June 12, 2016—The Third Sunday After Trinity

               America’s liberal faith was on proud display this week as we mourned the death of a man hailed almost universally as “the greatest.” If you did not know anything about American history but came to this country recently from another planet, you could be excused for believing that America had just lost its greatest citizen, greatest athlete and greatest man. I’m speaking, obviously, of the death of the boxer, Muhammad Ali, who called himself “the greatest” and was revered by many as being just that.

       Ali was named after his father Cassius Clay Sr., who was himself named after a civil war era Kentucky politician and plantation owner. The original Cassius Clay became a Republican and friend of Abraham Lincoln, who seriously considered putting him on the ticket as his running-mate in 1860. Like Lincoln, Clay was a man of courage who fought for the abolition of slavery. Clay published an abolitionist newspaper and was shot in the chest by Kentucky racists who opposed the abolitionist cause. Clay survived that shooting and many other physical assaults. He continued to fight for racial equality in an age when it was dangerous and violently unpopular to do so. He was no saint but he was on the right side of the abolitionist issue and he showed great courage to take the public stand he took.

       But young Cassius Clay Jr., when he grew up and became a man took a new name for himself and a new faith. He left behind the Baptist faith of his father to join the Nation of Islam, a radical anti-white, intensely anti-Jewish cult. And to further his repudiation of his Christian past he even exchanged the name his father had given him. Apparently unaware that he had been named for a courageous abolitionist; he called his name “a slave name”, and took instead the name Muhammad Ali in honor of the deeply anti-Christian leader of Islam, Mohammad. Ali was a great boxer with a big charismatic personality. His talents in the ring and before the television cameras were exceptional. He was fun and unpredictable to watch. We’ll miss him.

        But I will stop short of calling him “the greatest” or even “great” for one simple reason that should be as obvious as it is offensive to every faithful Christian. There is nothing great in a soul that renounces faith in Jesus Christ and adopts a different religion from the one that Jesus founded. There is nothing to be admired or envied in those who reject the cross of Christ and trade it in for a false symbol of salvation. Our liberal society today sees nothing wrong with doing this. So you outgrow the Christian faith; so you reject Jesus Christ as your savior and find in Mohammad a more inspirational leader; so you find the Islamic faith or Judaism or Buddhism or Bahai to be more true for you; so what of it? It’s a free country. One religion is a good as another. What difference does it make who or what or how you worship. Whoever worships God is doing good; it’s all the same.

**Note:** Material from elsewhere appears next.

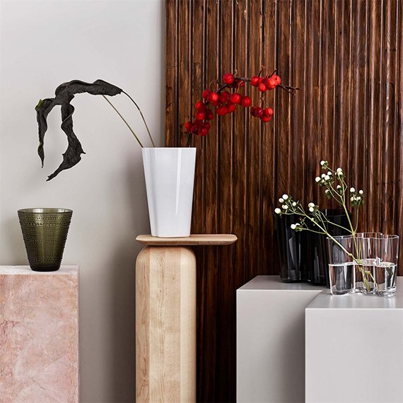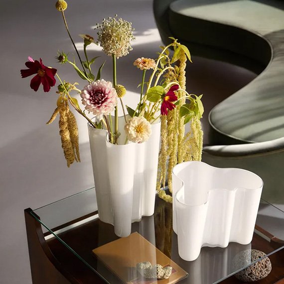 Alvar Aalto yhdisti selkeän modernin muotoilun ja käsityöläisten erikoisosaamisen luodessaan klassisia sisustusesineitä, joissa funktionaalisuus yhdistyy veistokselliseen muotoon. Suomalaisen luonnon vaikutus näkyy Alvar Aallon luomassa epäsymmetrisessä aallon muodossa, jolla Aalto voitti vuoden 1937 Pariisin maailmannäyttelyyn liittyvän suunnittelukilpailun. Siitä on tullut yksi modernin pohjoismaisen muotoilun ajattomista klassikoista. Jokainen Aalto-maljakko valmistetaan yksittäin Iittalan lasitehtaalla monivaiheisessa valmistusprosessissa. Lasimaljakko saa alkunsa suupuhalluksella, minkä jälkeen se katkaistaan lasimassasta käsin ja hiotaan lopulliseen muotoonsa. Pitkävartiset kukat pääsevät oikeuksiinsa korkeassa maljakossa. Valkoisesta lasista valmistettu maljakko on monikäyttöinen ja veistoksellinen sisustuselementti. Mitta 220 mm. Vain käsinpesu.
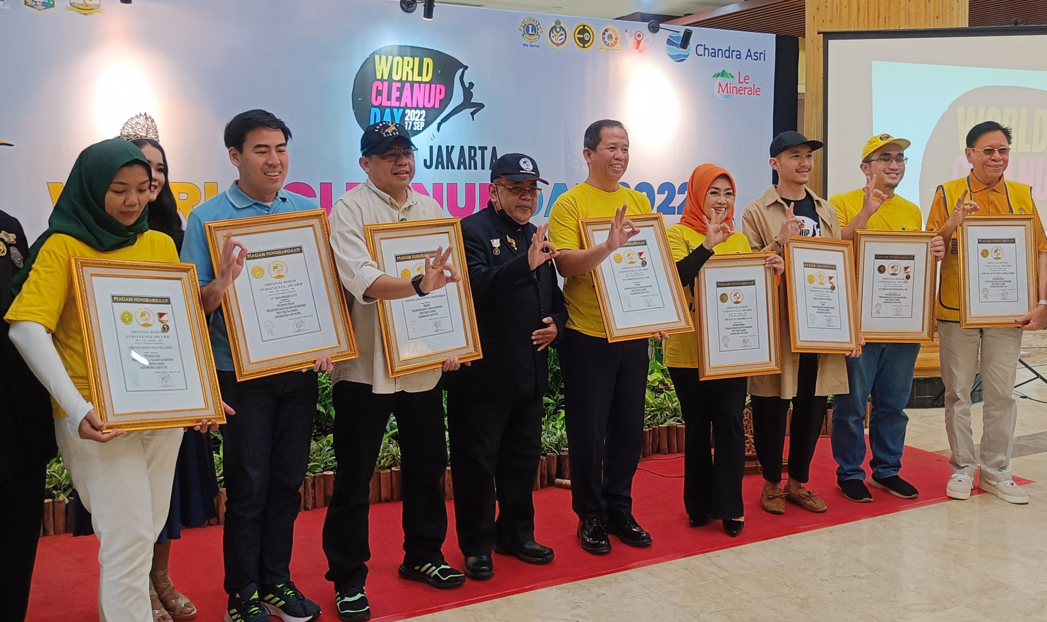Presiden Original Rekor Indonesia (ORI) Guruh Susanto (kanan) menyerahkan piagam rekor kepada Circular Economy Sr. Specialist PT Chandra Asri Petrochemical Tbk (Chandra Asri), Nicko Setyabudi (kiri) pada acara World Cleanup Day (WCD) 2022 yang diselenggarakan oleh Lions Club dengan tema Pilah Sampah Dari Rumah di Jakarta, Sabtu (17/9). Chandra Asri kembali mendukung program WCD Jakarta yang bertujuan untuk mengedukasi masyarakat menangani masalah sampah rumah tangga di Indonesia. Program ini diadakan di 600 lokasi di wilayah DKI Jakarta diikuti oleh 199.363 peserta dengan jumlah sampah yang berhasil terkumpul sebanyak 247.938 ton.

       Religious pluralism may be the order of the day in liberal America, but it is not a teaching you will find affirmed anywhere in the Bible. Jesus came into a culture in the Roman Empire that was polytheistic. There were many religious cults worshipping many gods and goddesses. No one cared what cult you preferred. As long as you did not neglect to worship the emperor, it was socially acceptable to worship all the deities if you felt a need to. The only exception to this rule was found in the Jews who were so jealous of the Lord, their God, that they forbid the worship of other gods. The Romans were pragmatic rulers. They saw that short of committing genocide against them, the Jews were never going to change; so they left them alone, not requiring them to worship the emperor.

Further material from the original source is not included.